EXERCISE BRIEF
Your answer should be the lines below from the one with "Réunion de travail" to the one with "Entwurf des Hauptaltars", both included, given again exactly and with nothing added.

MATERIALS PROVIDED
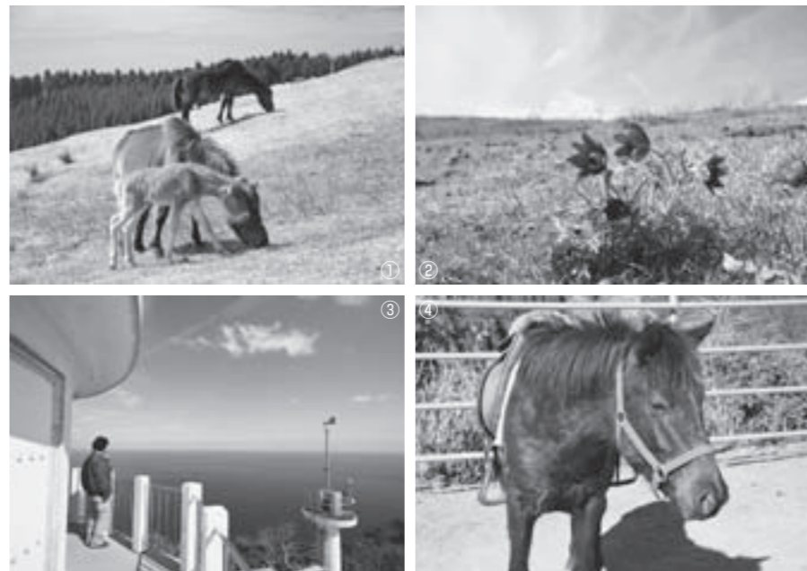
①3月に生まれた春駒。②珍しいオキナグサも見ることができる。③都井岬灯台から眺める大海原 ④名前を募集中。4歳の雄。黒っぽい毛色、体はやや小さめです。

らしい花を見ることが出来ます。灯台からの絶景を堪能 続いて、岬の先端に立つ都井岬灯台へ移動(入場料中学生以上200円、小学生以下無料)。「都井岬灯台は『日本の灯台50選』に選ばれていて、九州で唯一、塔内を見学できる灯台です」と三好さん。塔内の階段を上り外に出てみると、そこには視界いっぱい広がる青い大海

...

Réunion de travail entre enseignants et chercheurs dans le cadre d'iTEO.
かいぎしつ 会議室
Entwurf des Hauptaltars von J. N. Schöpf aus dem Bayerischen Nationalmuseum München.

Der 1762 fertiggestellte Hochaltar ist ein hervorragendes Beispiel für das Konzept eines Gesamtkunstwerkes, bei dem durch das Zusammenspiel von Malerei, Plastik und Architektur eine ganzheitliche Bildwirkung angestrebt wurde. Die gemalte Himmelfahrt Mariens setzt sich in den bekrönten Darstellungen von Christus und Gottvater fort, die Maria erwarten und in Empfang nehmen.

EXERCISE RESULT
Réunion de travail entre enseignants et chercheurs dans le cadre d'iTEO.
かいぎしつ 会議室
Entwurf des Hauptaltars von J. N. Schöpf aus dem Bayerischen Nationalmuseum München.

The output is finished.